Please could you give again the lines from the one holding "2023年工程建設(shè)" through the final line of the data below, exactly, with no other lines?

START RECORDS FOR PROCESSING

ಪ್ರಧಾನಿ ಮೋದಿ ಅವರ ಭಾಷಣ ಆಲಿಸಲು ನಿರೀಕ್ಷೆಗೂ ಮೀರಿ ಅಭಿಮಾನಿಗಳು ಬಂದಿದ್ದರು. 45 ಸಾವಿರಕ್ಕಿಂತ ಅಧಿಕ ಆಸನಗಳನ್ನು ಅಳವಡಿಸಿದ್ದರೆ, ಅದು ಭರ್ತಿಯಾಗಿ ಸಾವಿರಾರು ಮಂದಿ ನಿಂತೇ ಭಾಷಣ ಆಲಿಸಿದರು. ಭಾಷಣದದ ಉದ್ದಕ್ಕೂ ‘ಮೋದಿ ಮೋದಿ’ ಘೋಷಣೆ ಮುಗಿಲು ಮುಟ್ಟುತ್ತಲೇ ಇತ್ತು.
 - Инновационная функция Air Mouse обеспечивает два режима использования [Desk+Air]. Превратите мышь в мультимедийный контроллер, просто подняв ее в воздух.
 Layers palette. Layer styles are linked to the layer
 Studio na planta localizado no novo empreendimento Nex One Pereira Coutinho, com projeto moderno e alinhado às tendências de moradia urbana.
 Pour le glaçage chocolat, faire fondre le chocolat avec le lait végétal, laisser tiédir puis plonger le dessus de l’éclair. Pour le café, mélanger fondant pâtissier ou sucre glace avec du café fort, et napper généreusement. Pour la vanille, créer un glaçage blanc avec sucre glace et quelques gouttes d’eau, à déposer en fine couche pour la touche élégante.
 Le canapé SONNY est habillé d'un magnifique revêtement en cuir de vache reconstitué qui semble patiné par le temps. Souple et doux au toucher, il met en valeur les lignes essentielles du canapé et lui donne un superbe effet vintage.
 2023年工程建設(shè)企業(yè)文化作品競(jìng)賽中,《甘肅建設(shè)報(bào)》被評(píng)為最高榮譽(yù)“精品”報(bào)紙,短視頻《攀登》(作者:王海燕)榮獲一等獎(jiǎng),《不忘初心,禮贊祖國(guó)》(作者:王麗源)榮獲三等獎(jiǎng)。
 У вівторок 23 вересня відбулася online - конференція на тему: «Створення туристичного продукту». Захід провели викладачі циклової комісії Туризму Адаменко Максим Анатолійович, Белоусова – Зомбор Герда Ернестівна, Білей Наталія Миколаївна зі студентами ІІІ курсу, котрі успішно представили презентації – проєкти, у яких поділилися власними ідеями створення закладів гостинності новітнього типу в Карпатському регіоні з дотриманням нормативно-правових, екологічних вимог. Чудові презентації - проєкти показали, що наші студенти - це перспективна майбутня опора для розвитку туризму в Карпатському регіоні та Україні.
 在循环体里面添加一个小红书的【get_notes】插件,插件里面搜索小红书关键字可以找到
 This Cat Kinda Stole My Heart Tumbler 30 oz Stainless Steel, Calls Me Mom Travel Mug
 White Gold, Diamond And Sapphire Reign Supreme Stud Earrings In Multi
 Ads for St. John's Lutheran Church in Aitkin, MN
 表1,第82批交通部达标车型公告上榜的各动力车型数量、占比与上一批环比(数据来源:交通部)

END RECORDS FOR PROCESSING

» EXERCISE RESPONSE
 2023年工程建設(shè)企業(yè)文化作品競(jìng)賽中,《甘肅建設(shè)報(bào)》被評(píng)為最高榮譽(yù)“精品”報(bào)紙,短視頻《攀登》(作者:王海燕)榮獲一等獎(jiǎng),《不忘初心,禮贊祖國(guó)》(作者:王麗源)榮獲三等獎(jiǎng)。
 У вівторок 23 вересня відбулася online - конференція на тему: «Створення туристичного продукту». Захід провели викладачі циклової комісії Туризму Адаменко Максим Анатолійович, Белоусова – Зомбор Герда Ернестівна, Білей Наталія Миколаївна зі студентами ІІІ курсу, котрі успішно представили презентації – проєкти, у яких поділилися власними ідеями створення закладів гостинності новітнього типу в Карпатському регіоні з дотриманням нормативно-правових, екологічних вимог. Чудові презентації - проєкти показали, що наші студенти - це перспективна майбутня опора для розвитку туризму в Карпатському регіоні та Україні.
 在循环体里面添加一个小红书的【get_notes】插件,插件里面搜索小红书关键字可以找到
 This Cat Kinda Stole My Heart Tumbler 30 oz Stainless Steel, Calls Me Mom Travel Mug
 White Gold, Diamond And Sapphire Reign Supreme Stud Earrings In Multi
 Ads for St. John's Lutheran Church in Aitkin, MN
 表1,第82批交通部达标车型公告上榜的各动力车型数量、占比与上一批环比(数据来源:交通部)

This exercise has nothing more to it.